“玉女門能夠歸順圣地,吳馳的功勞很大。雖然有的時候很討厭他那種傲慢不羈的態度,但是我一直相信他不是正道的叛徒。”
得知吳馳不是出賣圣地的叛徒,公孫銘臉上帶著一絲喜悅的笑容說道。說這話的時候,公孫銘的眼神有意無意的瞟向藍紫雪,心中在想著這么說是不是會讓藍紫雪不開心,后來見藍紫雪的臉色雖然沒有改變,但是眼神卻不再向他望來,公孫銘心中一時間不由后悔起自己的魯莽來。
公孫銘不知道的是,雖然藍紫雪表面上看起來沒有什么反應,但是她的心中卻又一種如釋重負的情緒。她始終認為,那次她在跳下懸崖以后竟然莫名其妙安然無恙的返回地面和吳馳有著很大的關系,甚至就是吳馳這么做的。因為她的記憶只停留在懸崖的一個峭壁上看到吳馳的那一瞬間,所以她不能肯定,但是就是這種朦朦朧朧的“不確定”,擾亂了藍紫雪一直以來的平靜。
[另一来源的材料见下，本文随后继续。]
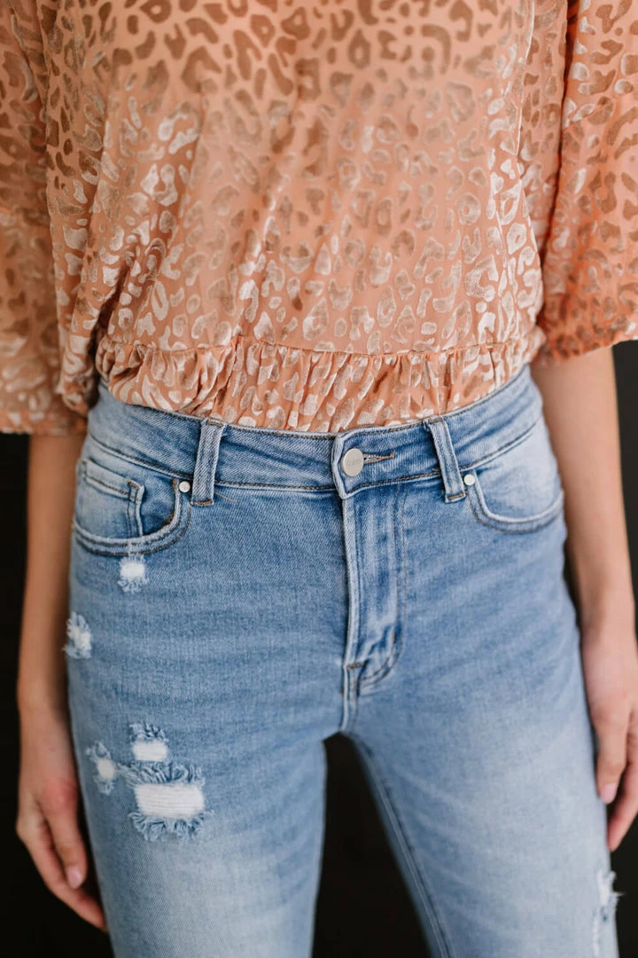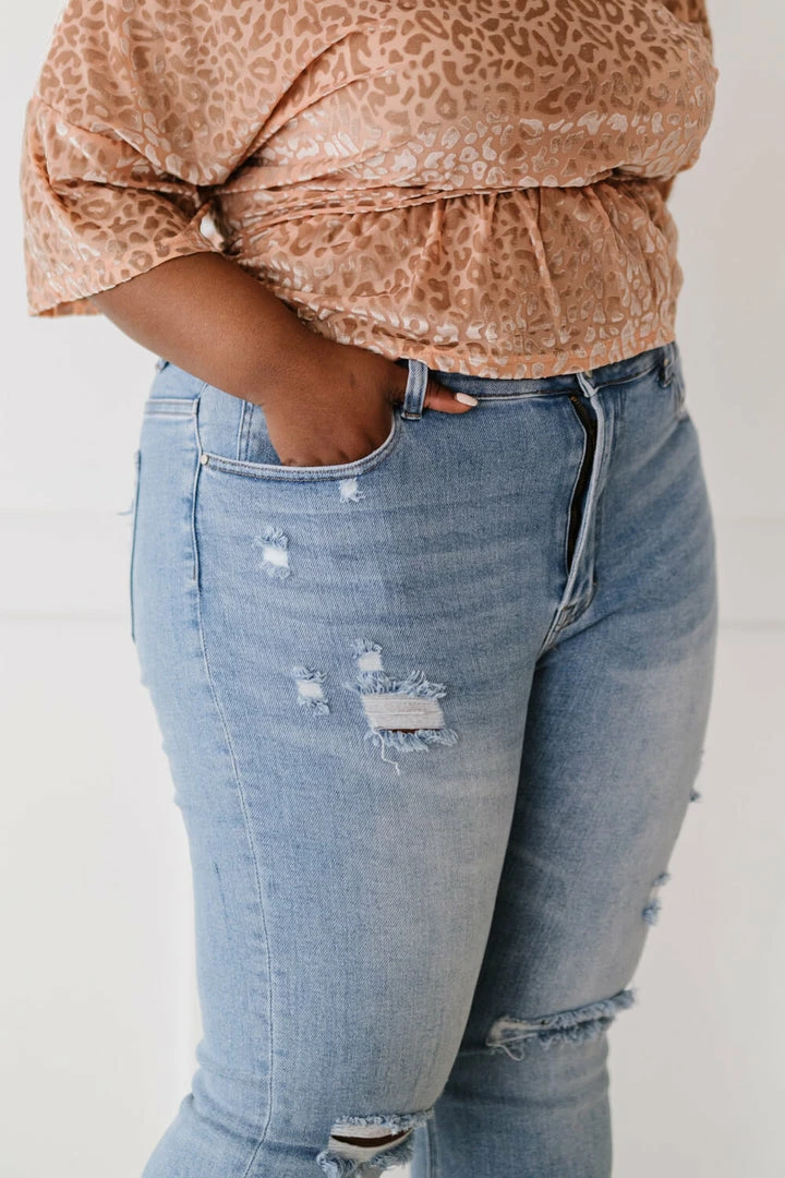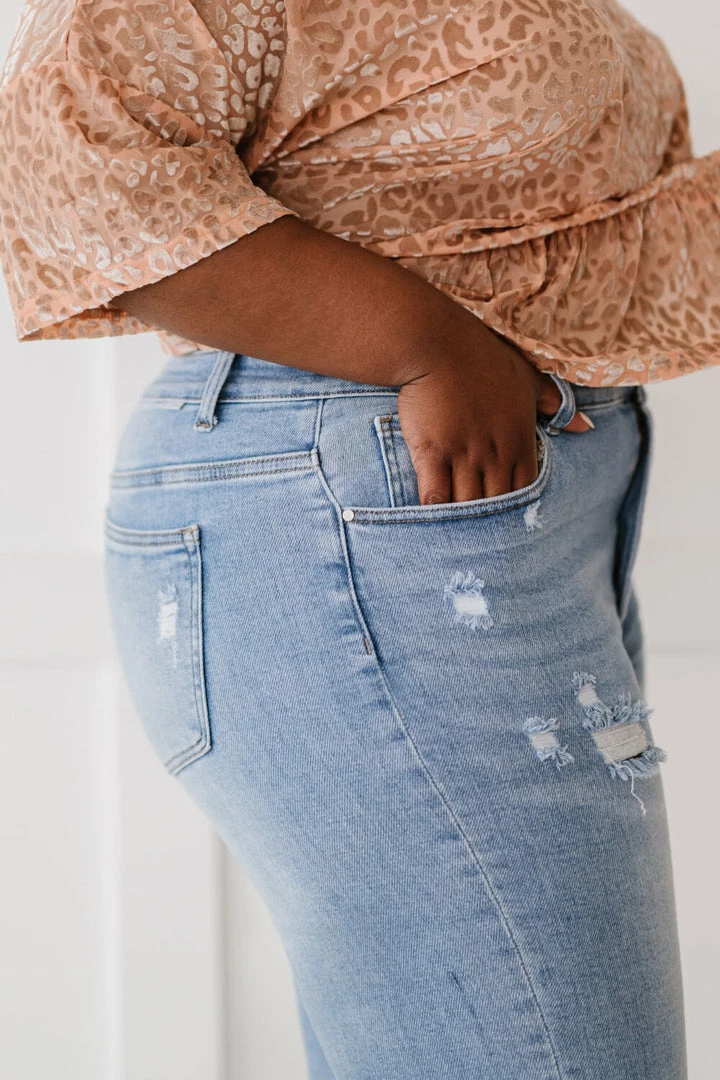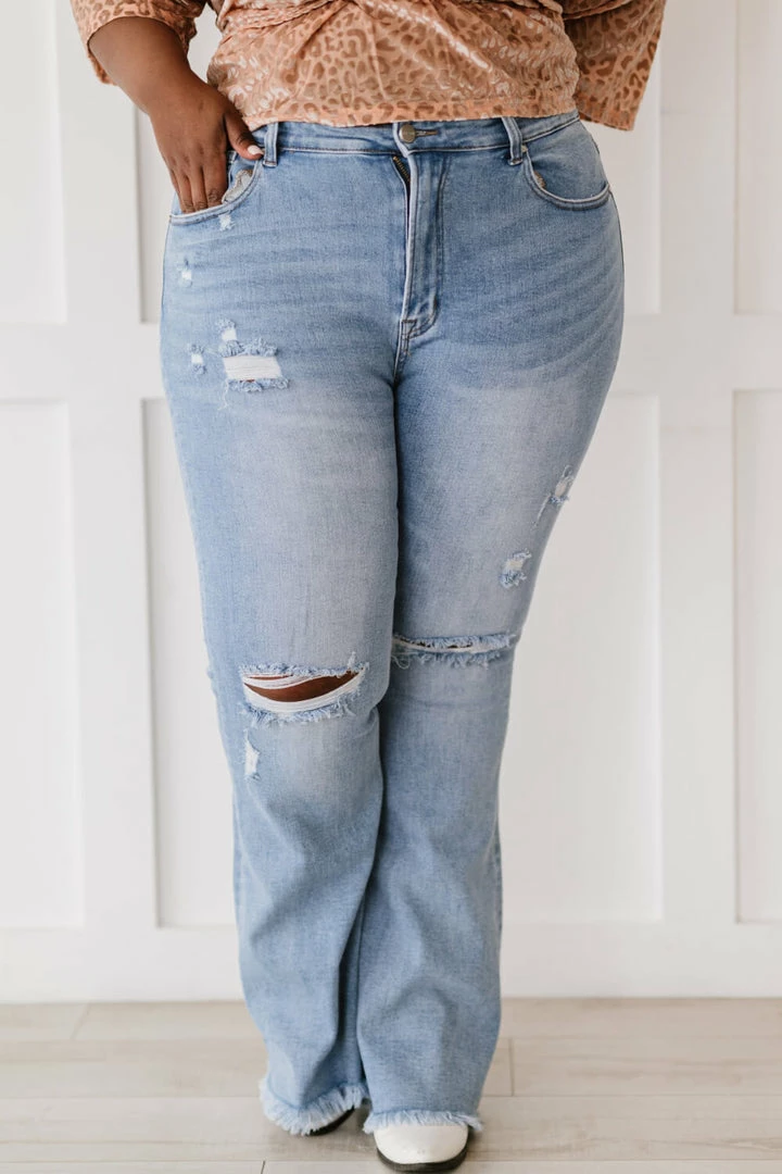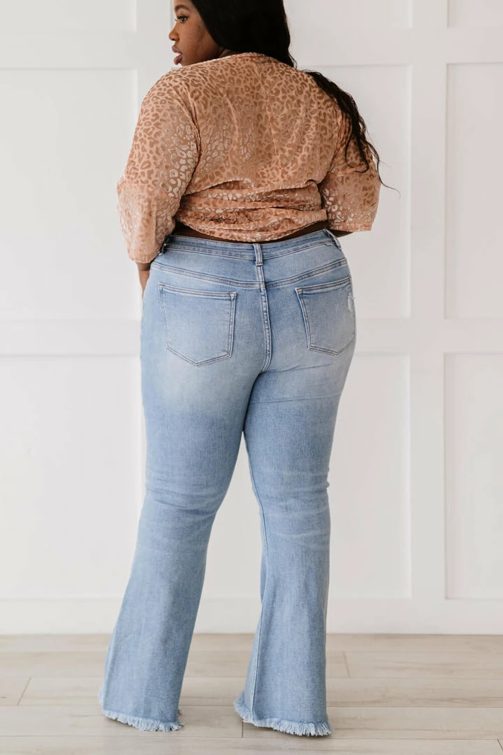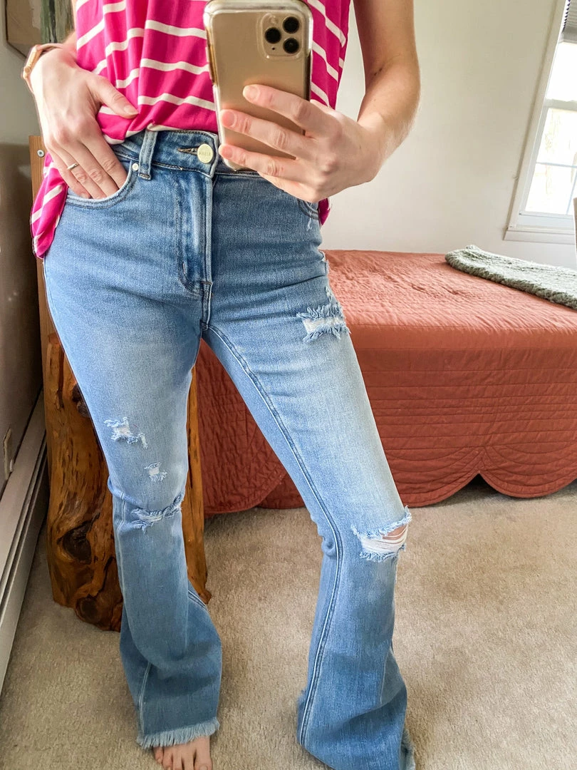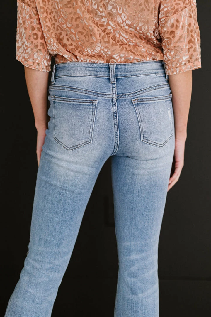 Suit up in style with these trendy and modern jeans! The mid rise sits just right, snatching in your waist and hugging your hips. The long inseam ends in a slight flare with a raw hem. And to top it all off, the light wash has a touch of distressing for an updated finish.

馮旭東聽了公孫銘的話,心中就如同打翻了五味瓶一般什么滋味都有。特別是他在看到臺上的吳馳和玉女門的千影夜眉目傳情的時候,心中恨的那叫一個牙癢癢。吳馳的沉冤昭雪,讓馮旭東臉面盡失。甚至,他還自作多情的感覺藍紫雪也帶著厭惡的眼神看著他,心中既羞愧又憤怒。
輕哼一聲,馮旭東轉過身,就欲離開。
公孫銘和司馬佳辰互相望了一眼,然后裝作唉聲嘆氣的說道:“唉,有些人就是見不得別人好,真是可悲啊。”
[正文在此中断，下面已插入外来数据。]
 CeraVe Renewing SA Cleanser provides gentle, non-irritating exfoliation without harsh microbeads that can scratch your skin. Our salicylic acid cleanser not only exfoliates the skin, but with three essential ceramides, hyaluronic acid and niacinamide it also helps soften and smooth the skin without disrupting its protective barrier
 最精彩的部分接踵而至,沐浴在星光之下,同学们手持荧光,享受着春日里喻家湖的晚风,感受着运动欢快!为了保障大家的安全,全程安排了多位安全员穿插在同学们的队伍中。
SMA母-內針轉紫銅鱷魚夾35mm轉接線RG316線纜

馮旭東驀然止住身體,如此細瞧的話還可以發現他的肩膀微微顫抖。
“你說什么?有種你就再說一句。”
一聲怒喝,出自馮旭東的口中,卻是他心中的憤怒達到了一個最高點的宣泄。卻見馮旭東此刻眼球已然因為憤怒而變得通紅,他此刻就像是一頭憤怒的老虎,誰惹他,他咬誰。
“殿內不得大聲喧嘩。”
一個老嫗沉悶的聲音悠然響起,雖然清晰的傳進了周圍人的耳中,卻給人一種虛幻之感,因為大家紛紛感覺剛剛并沒有一個老嫗的聲音響起,不過大家都明白了一層意思,不要喧嘩,這種感覺至玄至妙,沒有體會,難以理解。但是整個周圍的喧嘩頓時戛然而止。
反觀馮旭東,卻見剛剛還滿臉通紅的他此刻一臉的蒼白,豆大的汗珠沿著他的臉頰流了下來,身體劇烈的顫抖著,像是正在承受著無法承受的痛苦。
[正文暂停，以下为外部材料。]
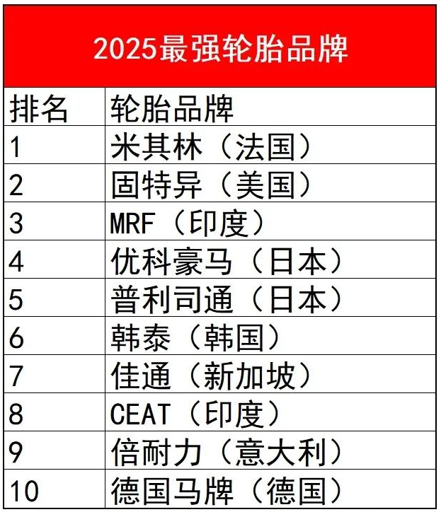 近日,國外媒體發(fā)布了《2025年全球輪胎品牌價值與實力排行榜》在新能源汽車普及加速、綠色技術(shù)迭代的產(chǎn)業(yè)背景下,這份榜單不僅揭示了行業(yè)格局的深刻變化,更展現(xiàn)了中國品牌的突破性成長。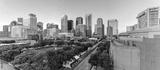 Aerial view downtown Houston illuminated at sunset with green city park and modern skylines light. The most populous city in Texas, fourth-most in United States. Architecture and travel background.

只是,受到老嫗當頭一喝之后,馮旭東再也不敢發出一點聲音了,只是苦苦的忍受著痛苦,咬緊牙關,看上去有些歇斯底里。
“罷了,長老,他是上京六大家族的弟子,不懂我們這里的規矩,你就放過他吧!”
臺上的蕭倩默默的注視了馮旭東片刻,淡淡的說道。
圣地的弟子門一時間議論聲起,討論著這個六大家族來的弟子怎么這么不知禮數,雖然不知道圣地的規矩,但是在一個如此正式的場合應該保持安靜這是一個做人的起碼素養。這般想來,眾人皆都搖了搖頭,暗嘆六大家族的弟子真是一代不如一代。吳馳早在馮旭東大聲吼的時候就向馮旭東望了過來,眼中閃過一抹輕視之色。